Het gaat dan om effect/show verlichting die weinig stroom verbruikt.

----------


## Christiaan Visser

Niet dat iedereen het al in gebruik heeft in zijn bedrijf, maar wat dacht je van led verlichting? Niet creatief qua bedenken, maar wel een lage stroomverbruik en een legio van mogelijkheden als je een leuk setje mee hebt!

----------


## Watt Xtra

ja, idd led is een oplossing. ken de band MXL die alleen nog maar ledpanels meehebben bij discobezoeken, onee ook nog een stel movingheads op de grond. Alleen prijstechnisch nog niet echt haalbaar voor setups in kroegen en kleinere zaaltjes. Hierbij gaat het vooral om de creativiteit met zo laag mogelijke kosten om zodoende niet alleen de standaard par lampen en scanners mee te hebben.

----------


## stekelvarke

Voor een rockbandje heb ik een "aluminium doos" ontworpen van 1m/1m met een opening aan de voorkant, daarvoor kippengaas gespannen met in zilverpapier hun logo(gelukkig dat het niet te ingewikkeld was) er op. in de doos 2 Led parren(gericht op de alu achterkant). Het was niet de bedoeling om dit  stroomvriendelijk te maken(maar het is het wel) maar wel eerder als speciaaltje wat steeds meegaat als ze ergens moeten spelen.

----------


## rene.derksen

Met pinspotjes kun je een acl immiteren. makkelijk waaiertjes mee te maken.

----------


## Upgrading your system

en dan een kub lege ruimte meeslepen?? (ownee 2 parren erin) vindt het een beetje overdreven als ik eerlijk ben.

----------


## tomv

LED is dan gewoon de oplossing.
En pinspotjes zijn ook creatief als er genoeg stroom is. Van het weekend in een dansvoorstelling een 20-tal gebuikt  :Cool: .

----------


## stekelvarke

> en dan een kub lege ruimte meeslepen?? (ownee 2 parren erin) vindt het een beetje overdreven als ik eerlijk ben.
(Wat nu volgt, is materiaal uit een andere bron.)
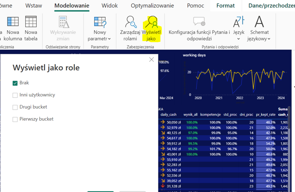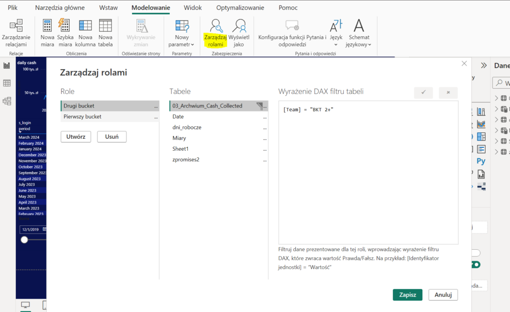 Każdy agent jest przypisany do jednego koszyka – BKT 1 lub BKT 2+, co wskazuje kolumna BKT. W związku z tym, że różne osoby odpowiadają albo za agentów z BKT 1, albo z BKT 2+, chcemy ograniczyć widoczność danych o agentach z innego koszyka. W tym celu uruchamiamy Power BI Desktop i na karcie „Modelowanie: wybieramy „Zarządzaj rolami”:
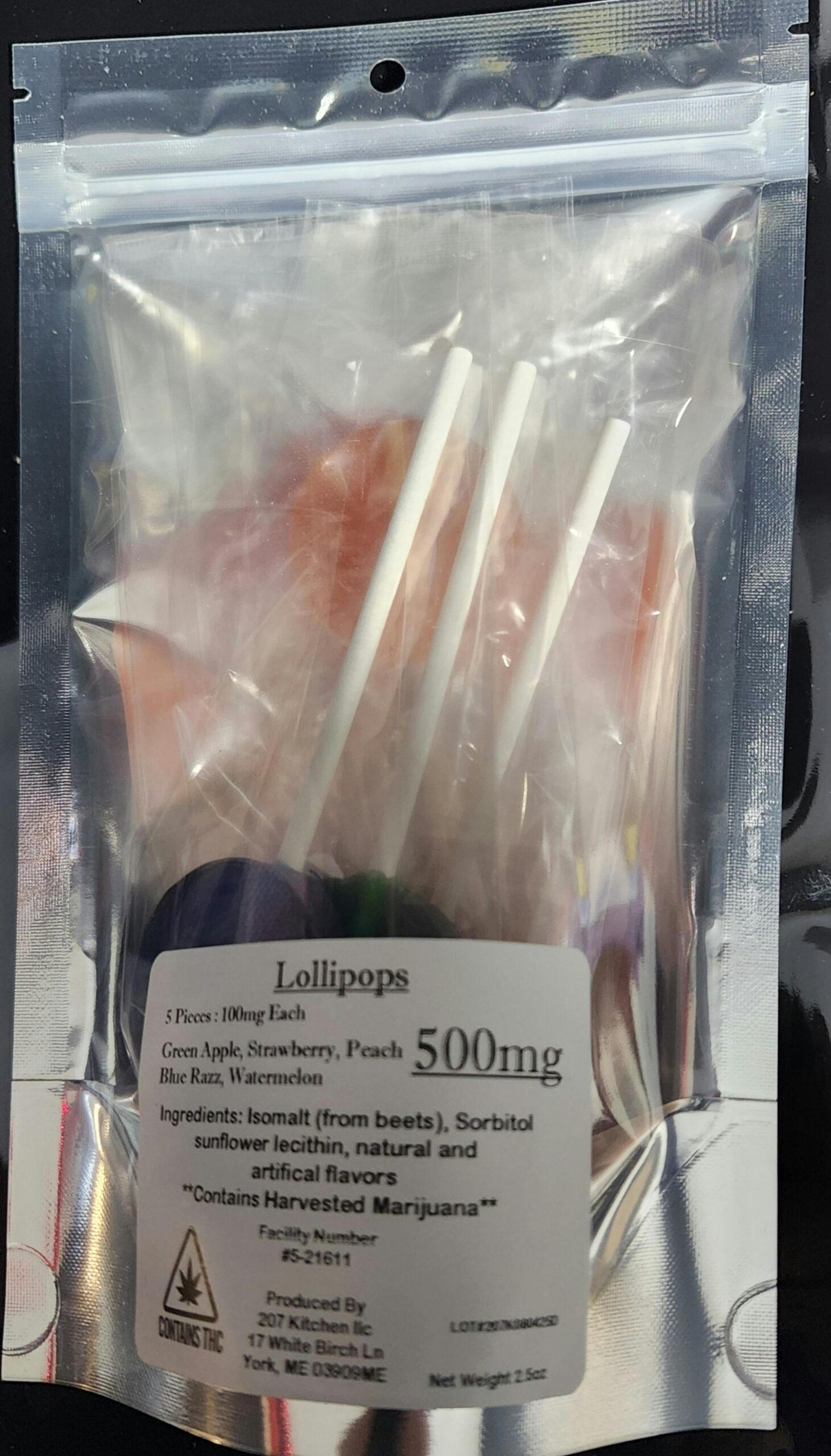 5 lollipops 100 mg a piece, locally made right here in Lebanon Maine and with limited ingredients.
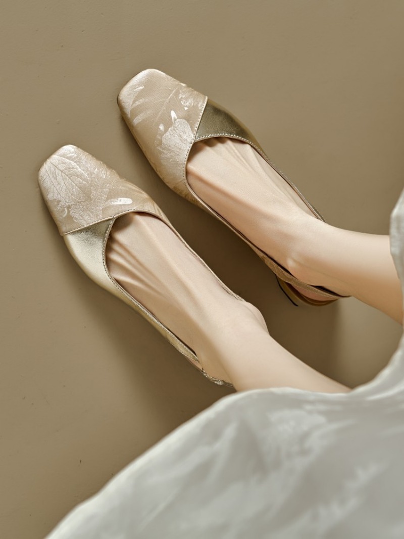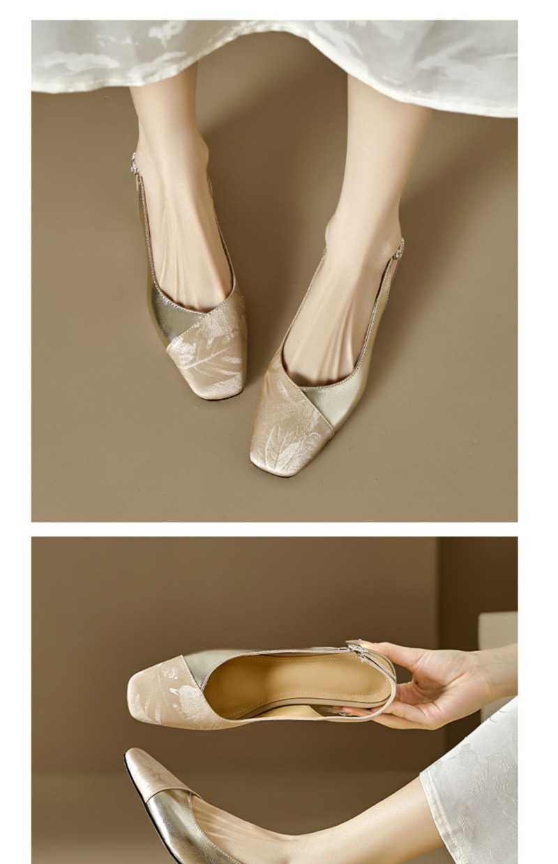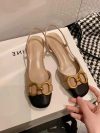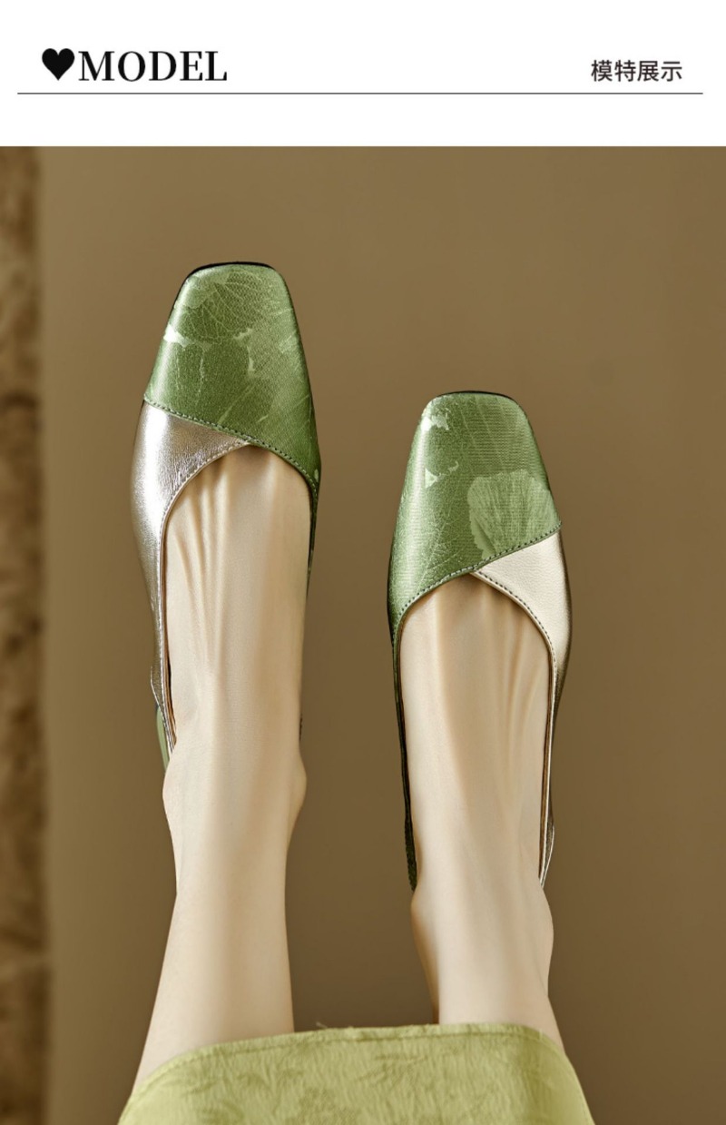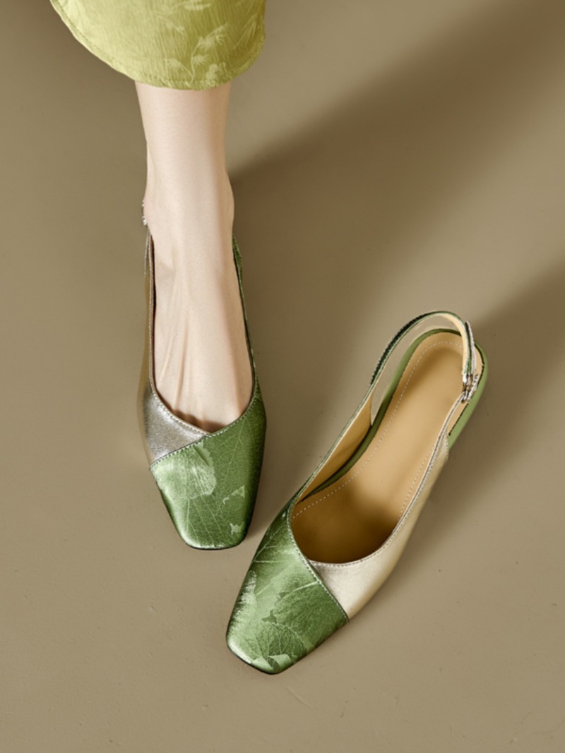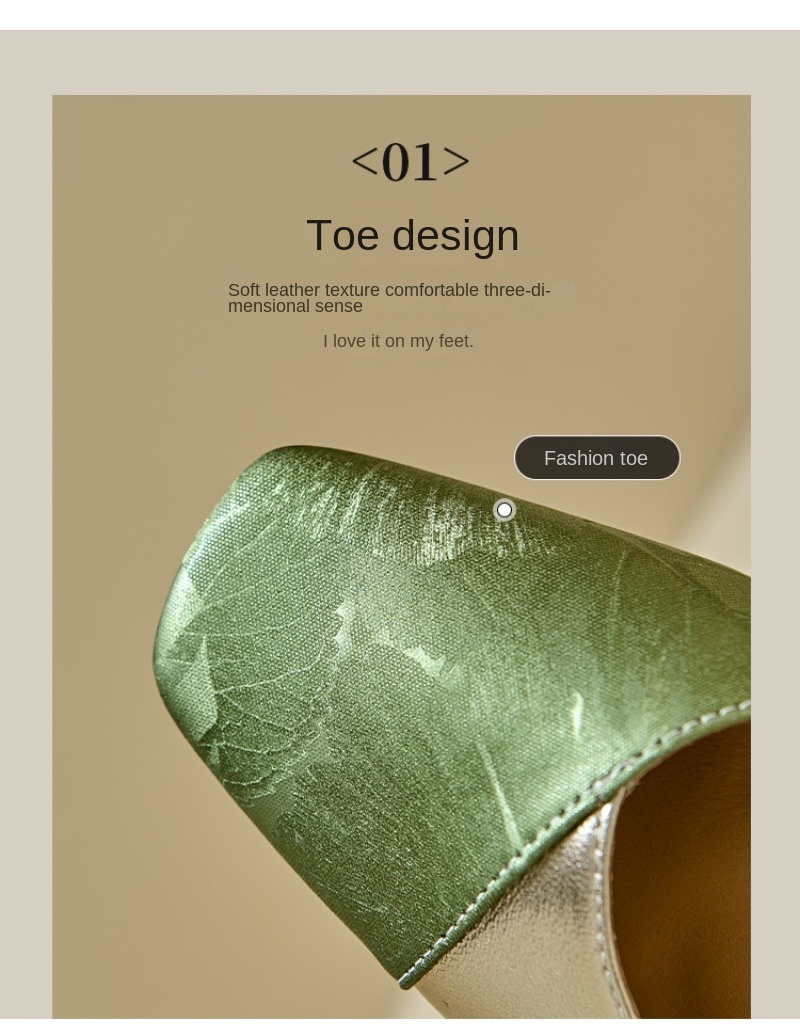 Retro Baotou Slingback Sandals for Women’s Summer New Square Headed Colors Leather Pacthwork Buckle Strap Middle Thick Heel Shoe
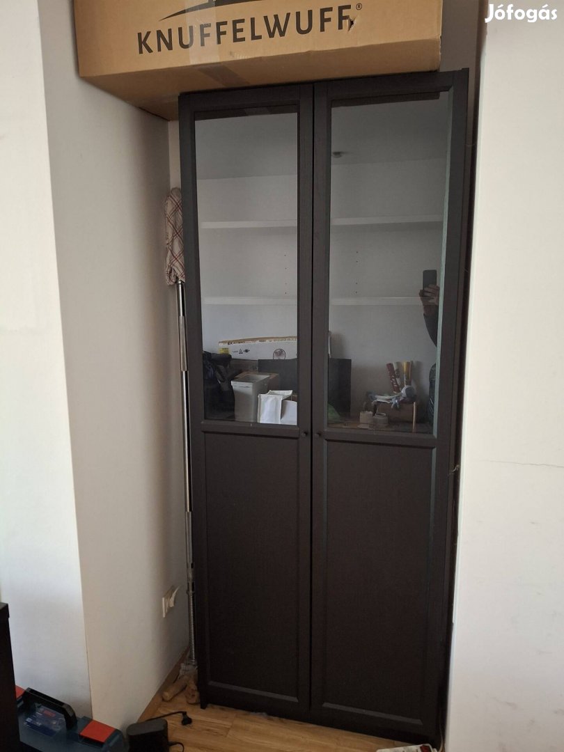 Eladó egy a képen látható állapotban lévő sötétbarna ikea szekrény, 202 magas, 80 széles 30 mély.
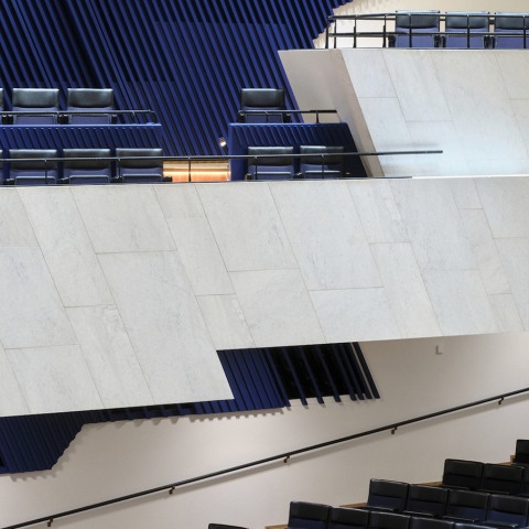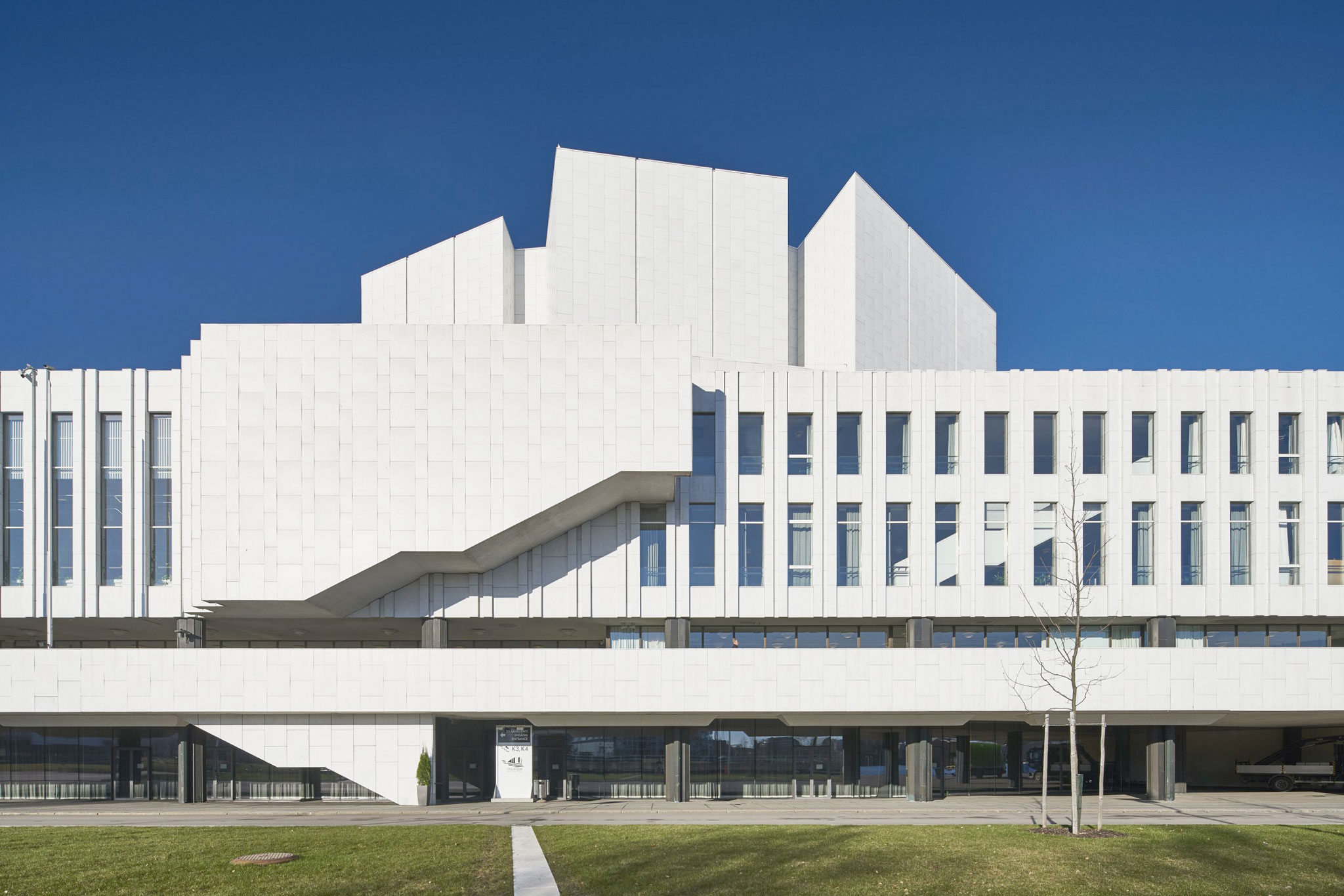 Alvar Aalto's Finlandia Hall renovated by Arkkitehdit NRT. Photograph by Tuomas Uusheimo.
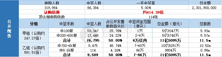 其中,公开配售申购人数319,984,一手中签率5%,认购倍数约414.39倍。
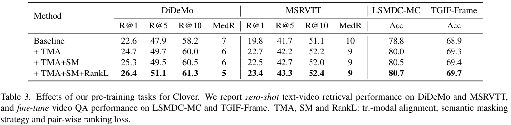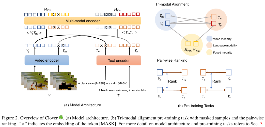 Clover는 비디오와 텍스트의 representation 뿐 아니라 이들이 융합된 멀티 모달 representation도 함께 align 하는 Tri-Modal Alignment (TMA)를 도입합니다. 이를 통해 멀티 모달 representation은 비디오와 텍스트 두 모달과 동시에 정렬되는데요. 때문에 비디오와 텍스트에 공통적으로 존재하는 일관된 맥락적 정보를 담게 됩니다. 한편, 비디오와 텍스트 representation 역시 이러한 멀티 모달 representation과 정렬되는 과정에서 멀티 모달 representation을 기준 삼아 더 잘 정렬되게 됩니다. 이러한 TMA는 기존의 pre-training task들 (Masked Language Modeling 등)과 합치기에 용이하며, 컴퓨팅 오버헤드도 무시할 만합니다.

is ook niet de bedoeling dat het practisch is ofzo, de bedoeling was om het logo (ong 70cm/70cm) langst achteren te belichten en het er eenbeetje industrial er te laten uitzien wat ook nog eens "plug and play" is. Als jij een makkelijkere oplossing zou hebben hoor ik die graag

----------


## Robert H

> en dan een kub lege ruimte meeslepen?? (ownee 2 parren erin) vindt het een beetje overdreven als ik eerlijk ben.



Hij bedoelt met 1x1 toch echt de breedte en hoogte, gok ik...  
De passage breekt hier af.